While observing gender-specific dress standards in school, transgender adolescents typically suffer internal challenges. High dropout rates, psychological distress, and skewed career pathways among transmen and transwomen are caused in part by uniforms, as well as a variety of other concerns.
While adhering to gender-specific dress standards in school, transgender adolescents frequently suffer internal challenges. High dropout rates, psychological trauma, and skewed career routes are all factors that contribute to high dropout rates, psychological trauma, and skewed job paths among transmen and transwomen.
Kabir Maan, a thirty-year-old transgender man (his legal records still refer to him as Manisha Singh), can only recall his dislike for the school uniform as a child. He recalls feeling like a “misfit” as early as pre-school, when he was dressed in a girl’s uniform — a skirt that fell just below the knee and a shirt.
School uniforms, which are supposed to foster a sense of belonging among students, can have the exact opposite effect on some students’ psychological and mental health, particularly transgenders and students of different genders.
Uniform-related psychological trauma
“I don’t recall what I studied or what game I played during those early years of schools, but I do recall feeling like a misfit and humiliated.” Kabir, who recently began hormone replacement therapy and has come out open about his gender identification, stated, “I continue to carry that feeling of humiliation in my heart.”
“I often had the impression that something was wrong with me. I felt unworthy since I didn’t fit in with either the females or the lads. When puberty hits a senior year, these concerns become more prominent. My board test scores, as well as my future schooling, were impacted. Because other students continuously questioned and criticized my dressing sense, I withdrew from Jamia Millia Islamia’s Hindi Patrakarita course. For wearing masculine attire while having the body of a girl, I’ve been dubbed a lesbian, a sex worker, and even a pimp,” Kabir added.

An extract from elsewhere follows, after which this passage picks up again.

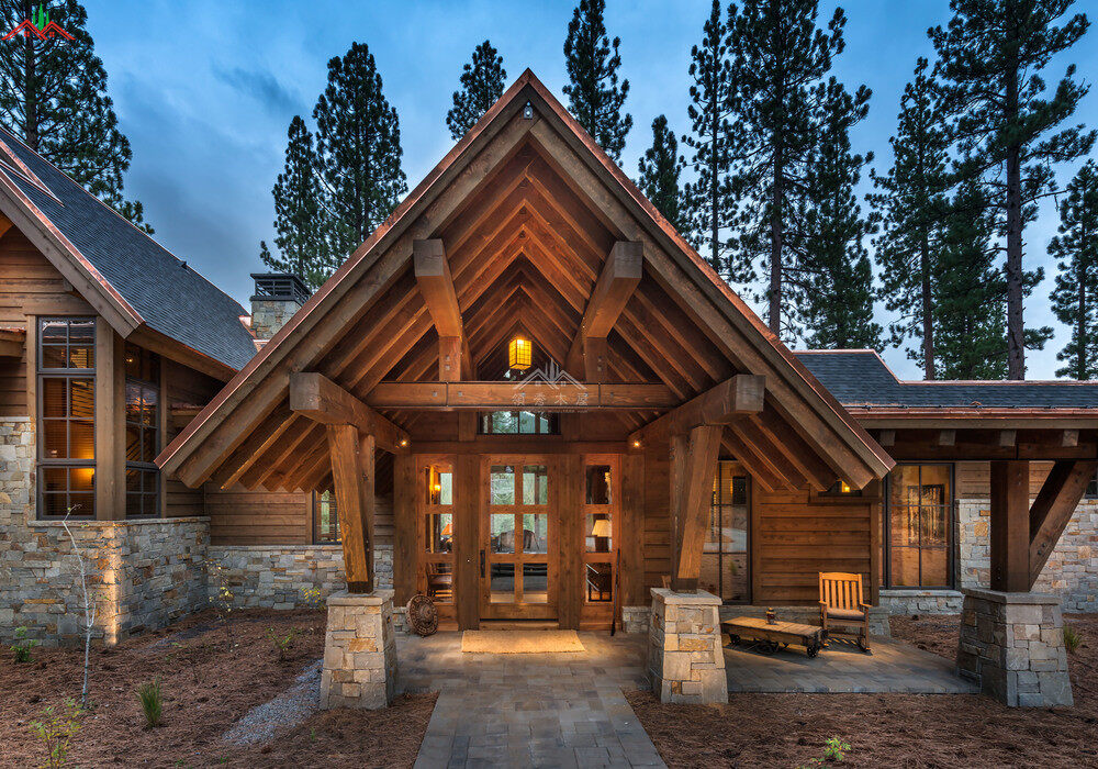 美國(guó)花旗松建造高檔梁柱木別墅...

Unfair treatment and a high dropout rate
While in school and college, transwomen confront similar challenges. Kundan, a transwoman who prefers the pronouns she/her, also dropped out of college for the same reasons as Kabir. “If I had been embraced and included for who I am, I could have had a better life now.” Using school washrooms, in addition to uniforms, is a barrier for children who do not fit into the gender binary. I was teased for being feminine in boys’ restrooms, and I was frequently afraid of being assaulted. I’ve always assumed that if something bad happened to me, I wouldn’t be able to tell anyone for fear of being judged,”
Struggle with one’s own body and identity
The forced changes in uniforms are normally done when a child enters the stage of adolescence, according to Indira Pathak, a co-founder of Vikalp who identifies as a transman.
“Many trans people are suffering from their bodies and identities right now.” The dropout rate among these students is extremely high. Even as children get older, physical education teachers in most schools pay attention to what girls wear under their clothes and counsel them to wear sports bras. “Undergarments are a very intimate issue to everyone,” Pathak added, and transmen often see it as a basic violation of their identity.
For 754 pupils, the Valayanchirangara Government Lower Primary School in Kerala’s Ernakulam district has introduced a gender-neutral uniform. The new uniform for their students, regardless of gender, is 3/4th shorts and a shirt.
Maya Sharma, an LGBTQ+ rights activist and author of ‘Loving Women: Being Lesbian in Unprivileged India,’ believes that more than becoming inclusive, our culture needs to allow for freedom of choice.